Nope. The hardest for me is making myself do it, and that problem isn’t sequestered to the writing sphere. I’ve always struggled with motivation, with setting habits and goals and sticking to them. I’m not quite sure where I developed this problem, my manic depression.

But I’m understanding and accepting that to overcome that issue, I have to take care of it one small step, one day at a time. Working on yourself and being patient will show change bloom from the inside out. Changes can’t be made overnight. I think this is where the writing advice of “it’s not a race, it’s a marathon” comes in.

This all coincides with a book I’m reading called Atomic Habits by James Clear. I became fed up and tired of my inability to keep to a routine and to have a stable mood and productivity level. Out of compulsion, I bought the book, and I’m not even a third through it and it’s made me realize a lot of things about what I’ve done wrong.

It’s a development. It will take time, but I believe that the only way that I can achieve my career goals is to live and breathe as an author. Even since I started publishing, I’ve always thought of it as a side gig.

But this month, I’ve gotten two BookBub Feature Deals — one for my first series’ complete box set, and another for a New Release Feature for my upcoming series. Already, I’m being told that I shouldn’t see it as a side gig. I just need to believe it for myself.

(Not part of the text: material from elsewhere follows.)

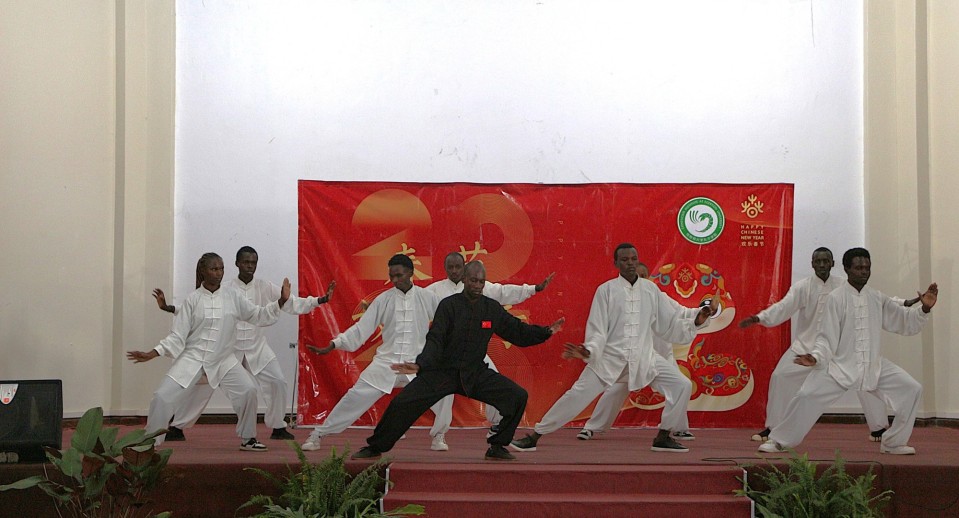 王金鑫(右三)和学生参加第八届肯尼亚图尔卡纳文化节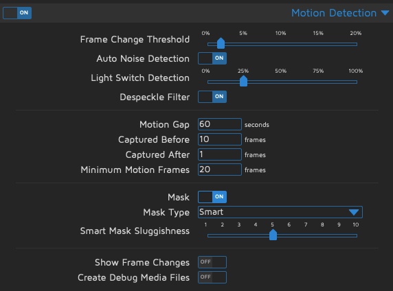- Frame Change Threshold (je kleiner die Zahl, desto empfindlicher die Erkennung)

And after all that rambling, I think the real issue for motivation is faith in yourself to stick to it. Ultimately, I dug deep inside during this last depressive low and realized I had no confidence and belief in myself. Nothing that kept me focused on my accomplishments and my goals. Nothing to change my bad habits. Nothing to make me a better person. I had to develop that confidence and belief. I had to trust that I was in fact, a good writer, a worthy author, and an overall productive person. Taking on that persona is still not an overnight transformation, but I’m seeing the fruits of my efforts slowly bloom.

Stay motivated. Believe that you can do it. Commit to one step toward that goal every day. You’ll get there with patience and trust in yourself.